News letter17
東洋町では、庁議を公開しています。毎週月曜日2時か3時ごろに開いています。議題は町長があげますが、提案は各課長があげることもできるようになっています。また、職員も文書をもって提案することができるということになっています。
2階会議室で開いていますので入れる限り誰でも傍聴ができます。課長(または代理)と私が参加します。現在の重要な案件は全部ここで討論されます。
庁議を公開することは全国的に初めての試みではないかと思います。庁議は役場の実務上の最高の意思決定機関です。町の計画や、予算書など議会で決められ承認された事項を実行する上において起こるさまざまな問題がここで取り上げられます。
傍聴席は席順も何もあリませんが、入れなくなればより広いところへ場所を変えるつもりです。まず、庁議を定期的に開催することに大きな意義があります。これまで庁議は満足に行われていません。どこの自治体も議会前に、議会の答弁の担当を誰がやるかという協議の時には開かれていたようです。よほどのことがないと庁議は開かれていなかった。町民にとって庁議を公開することの意義は言うまでもありません。①行政機関が今取り組んでいることが何なのか知ることができる。②その意思決定の過程がはっきり見える。等々でしょう。核廃棄物の問題について町長、助役だけではなく議員や課長クラスの人も知っていたが、住民は知らなかった。こんなことではいけません。
しかし、公開だけではありません。庁議を定期的に開催することに重大な意義があります。庁議を毎週行うことによって、①今役場が何を問題にしているかの認識を共有する、②一つの問題でも全体の教訓とすることがらを直ちに共有する。③他の課の問題でもみんなの知恵を集めて論議する④そして何よりも長の考えが独断に陥ることをチェックし適正に軌道修正する、等々の効能があると考えます。
レーニンではないが大衆運動組織はアメーバーのように自由でルーズな方がむしろ有効です。敵の弾圧、運動の高揚期、沈滞期など各段階に柔軟に縮小拡大して適応するというのがいいでしょう。誰が指導者で責任者かもわからない、権力者が誰を追及していいかわからない、というほうが大衆運動にはいいと思います。

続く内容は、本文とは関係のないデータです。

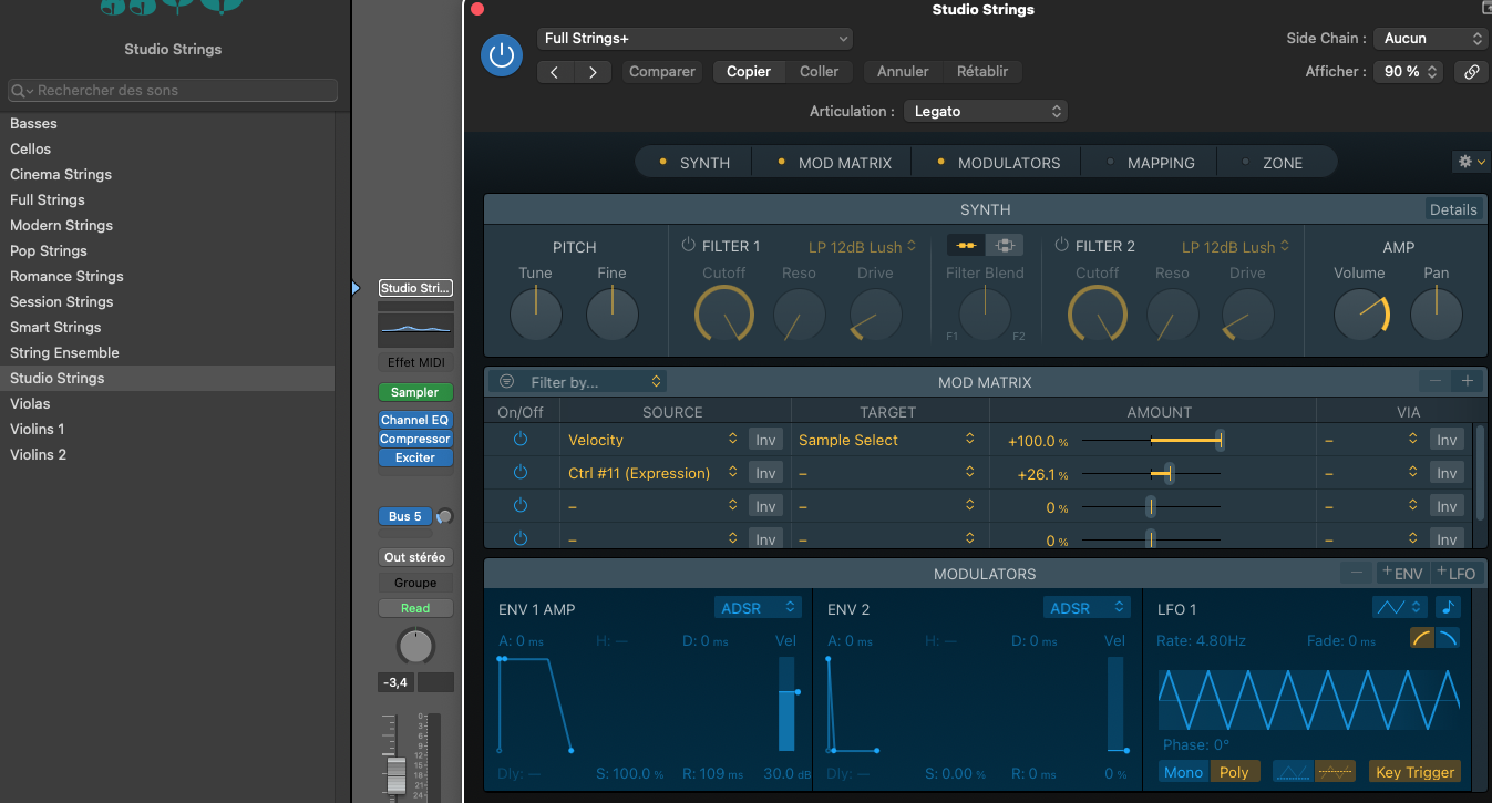 Lorsque que je lance l'instrument "Studio Strings" dans la bibliothèque, c'est le sampler qui s'ouvre (en vert dans la piste), et non l'instrument nommé "Studio Strings".

しかし、会社や行政機関では、ろくに会議もしない組織などは内部の乱脈と組織の破綻の運命しかありません。誰が何をやっているかわからないでは、統制も取れず、事業計画も、日常業務も遂行されません。使途不明金、財産管理のずさん、大事なことが放置されたままということになります。事業の膨大な繰越しをして前年度の事業と今年度の事業を抱え込んで四苦八苦するということにもなりかねません。
前年度の事業で県への報告が遅れっぱなしで、新任の町長が始末書を書かされたという事案もありました。事業を先にやり後から決裁をもらうなどという事例もありました。
庁議をやり職場会議をやりして業務をかっちり点検、遂行し住民に迷惑をかけないようにし、また、自分たちも仕事達成の爽快感も味わう必要があります。会議をし意思統一をし実行するということが必要です。仕事は段取り半分で、その段取りの場が会議です。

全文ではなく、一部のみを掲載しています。